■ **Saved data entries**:
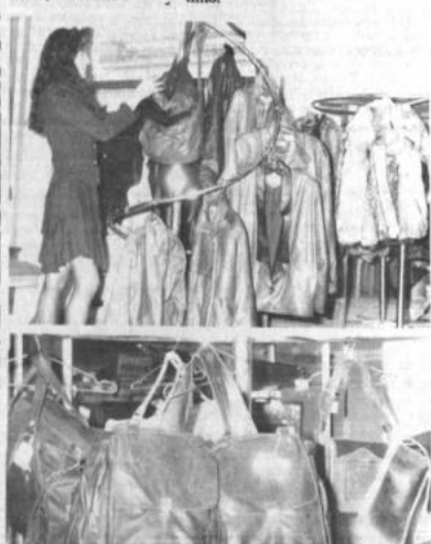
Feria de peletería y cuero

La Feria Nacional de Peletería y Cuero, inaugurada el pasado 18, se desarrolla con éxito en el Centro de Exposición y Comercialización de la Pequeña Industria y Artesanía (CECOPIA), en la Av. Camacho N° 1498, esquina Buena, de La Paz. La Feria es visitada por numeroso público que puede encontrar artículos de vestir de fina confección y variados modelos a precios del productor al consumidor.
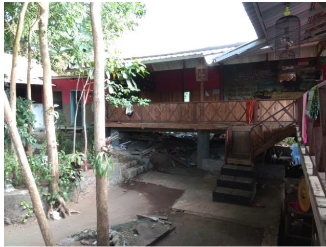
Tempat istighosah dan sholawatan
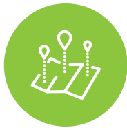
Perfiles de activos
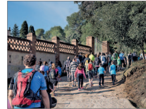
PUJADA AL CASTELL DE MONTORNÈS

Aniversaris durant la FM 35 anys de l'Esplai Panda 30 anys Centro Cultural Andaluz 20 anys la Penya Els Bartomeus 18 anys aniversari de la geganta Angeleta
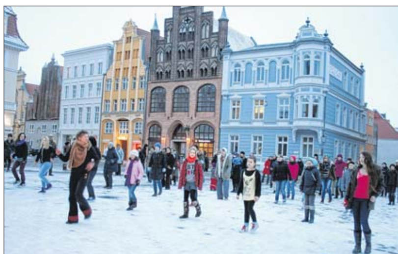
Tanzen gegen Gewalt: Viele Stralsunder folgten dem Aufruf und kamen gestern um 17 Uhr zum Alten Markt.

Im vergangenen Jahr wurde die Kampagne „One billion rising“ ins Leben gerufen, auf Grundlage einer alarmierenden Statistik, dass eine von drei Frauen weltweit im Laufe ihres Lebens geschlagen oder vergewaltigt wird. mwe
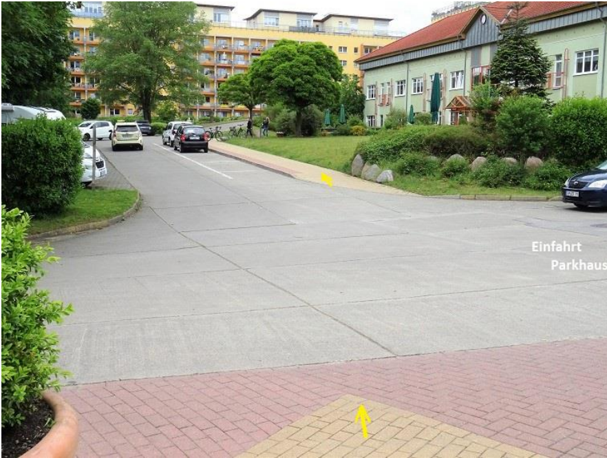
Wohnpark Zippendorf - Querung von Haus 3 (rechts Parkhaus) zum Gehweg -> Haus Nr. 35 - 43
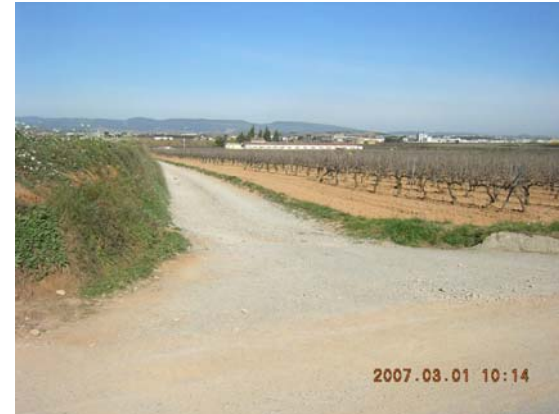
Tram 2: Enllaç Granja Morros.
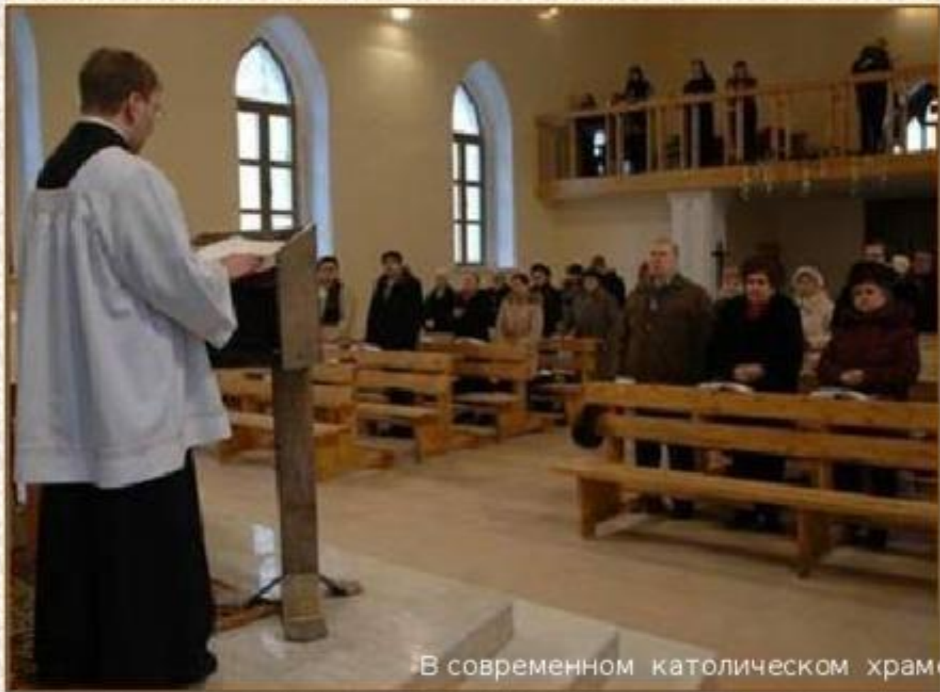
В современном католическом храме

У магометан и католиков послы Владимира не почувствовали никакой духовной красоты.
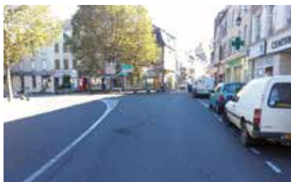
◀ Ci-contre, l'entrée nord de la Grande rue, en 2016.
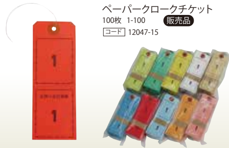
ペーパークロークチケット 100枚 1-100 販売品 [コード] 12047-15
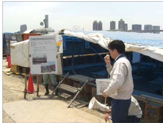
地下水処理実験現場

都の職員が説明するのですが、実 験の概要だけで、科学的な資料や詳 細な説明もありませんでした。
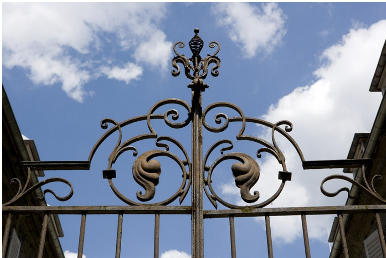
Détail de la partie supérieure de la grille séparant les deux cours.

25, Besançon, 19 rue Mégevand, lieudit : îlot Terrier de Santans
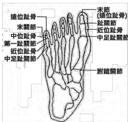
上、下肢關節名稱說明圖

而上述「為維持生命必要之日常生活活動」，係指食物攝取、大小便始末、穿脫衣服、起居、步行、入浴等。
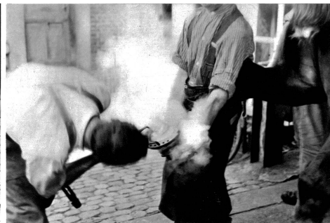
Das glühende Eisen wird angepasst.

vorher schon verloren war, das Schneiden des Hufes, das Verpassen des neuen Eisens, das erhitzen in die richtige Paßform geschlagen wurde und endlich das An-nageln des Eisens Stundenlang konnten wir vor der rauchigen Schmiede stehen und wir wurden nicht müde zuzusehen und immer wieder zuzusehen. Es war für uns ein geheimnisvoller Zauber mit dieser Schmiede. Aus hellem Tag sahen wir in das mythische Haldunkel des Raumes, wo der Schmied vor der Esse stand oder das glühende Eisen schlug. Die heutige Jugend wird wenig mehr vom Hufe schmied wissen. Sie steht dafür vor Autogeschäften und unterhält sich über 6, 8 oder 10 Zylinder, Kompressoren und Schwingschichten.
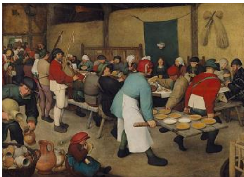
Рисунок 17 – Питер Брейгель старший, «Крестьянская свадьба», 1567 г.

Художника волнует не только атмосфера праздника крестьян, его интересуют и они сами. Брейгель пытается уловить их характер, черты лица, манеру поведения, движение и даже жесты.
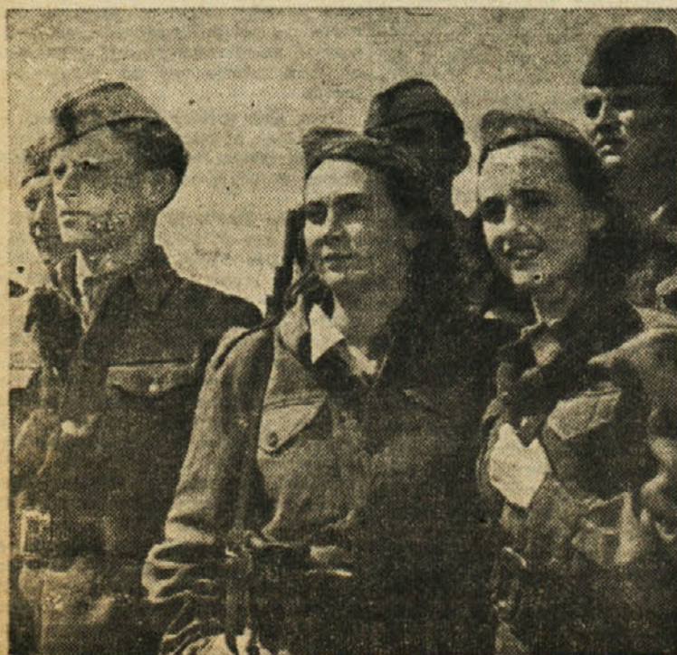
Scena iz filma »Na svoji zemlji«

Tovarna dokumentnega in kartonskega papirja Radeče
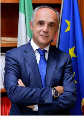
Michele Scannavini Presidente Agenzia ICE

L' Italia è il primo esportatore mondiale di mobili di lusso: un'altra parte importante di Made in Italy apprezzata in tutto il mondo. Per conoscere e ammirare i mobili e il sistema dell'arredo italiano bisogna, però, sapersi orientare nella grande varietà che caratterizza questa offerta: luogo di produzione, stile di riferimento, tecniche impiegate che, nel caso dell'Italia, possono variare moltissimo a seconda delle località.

==

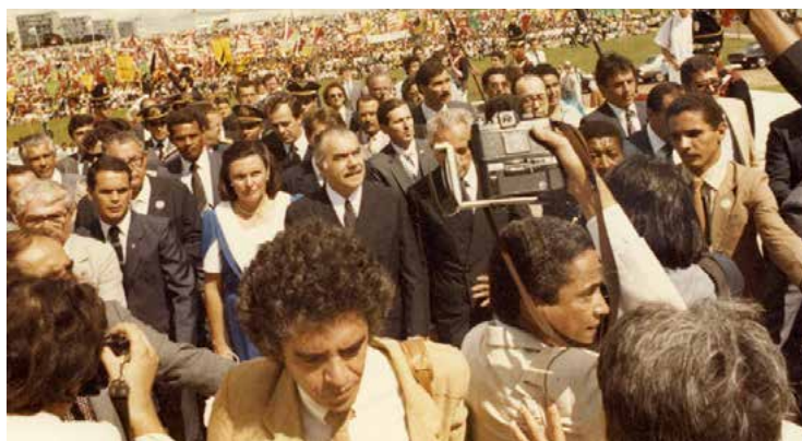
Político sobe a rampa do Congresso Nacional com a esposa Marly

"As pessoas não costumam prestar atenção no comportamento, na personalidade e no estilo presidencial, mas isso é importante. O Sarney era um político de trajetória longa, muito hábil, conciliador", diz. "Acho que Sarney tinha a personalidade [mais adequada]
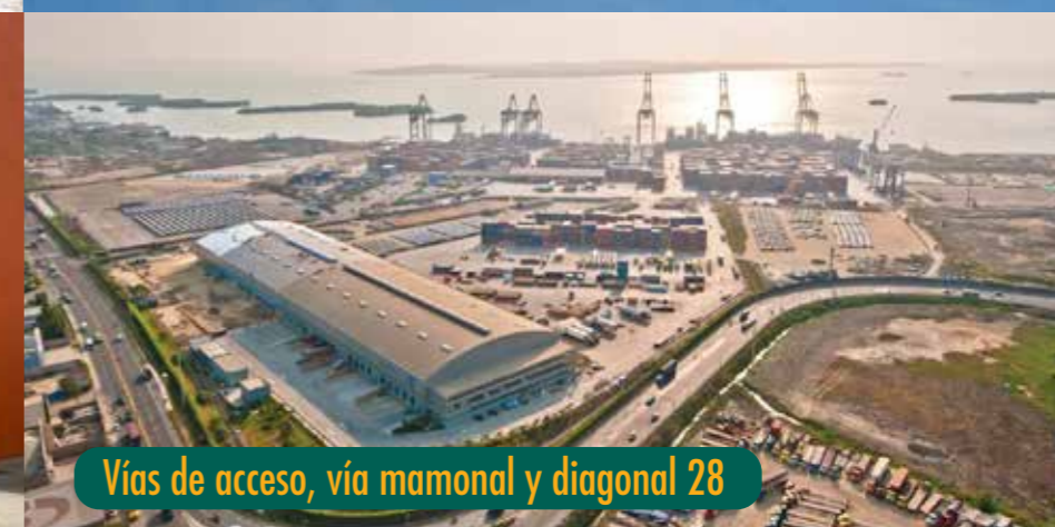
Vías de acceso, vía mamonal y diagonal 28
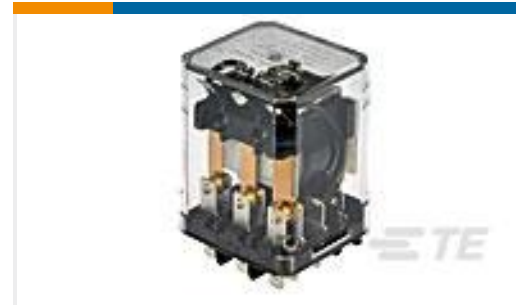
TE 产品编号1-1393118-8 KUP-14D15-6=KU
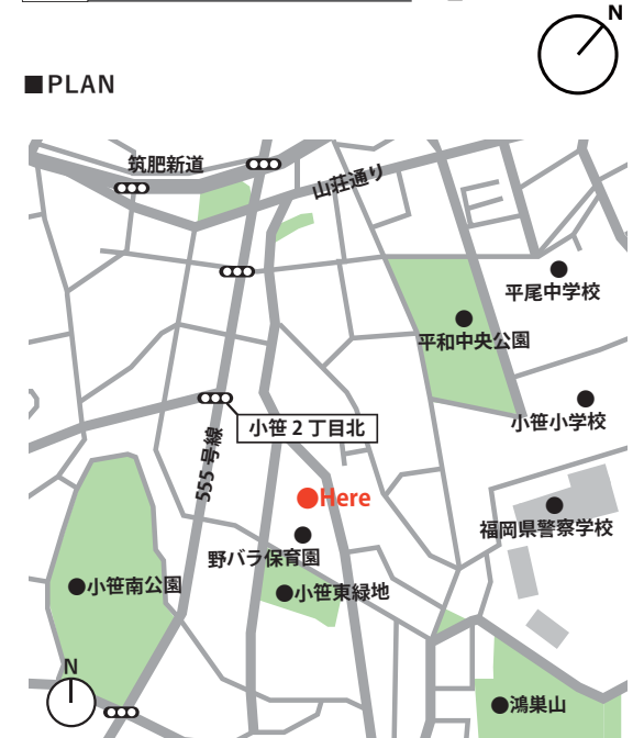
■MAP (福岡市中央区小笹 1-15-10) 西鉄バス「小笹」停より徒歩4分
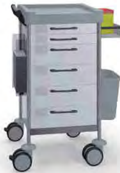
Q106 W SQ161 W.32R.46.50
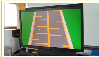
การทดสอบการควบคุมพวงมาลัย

■ **Assigned task**:
Among the entries above, how many lines include the word "importante"? Give the number with no comment.

■ **Output of the task**:
2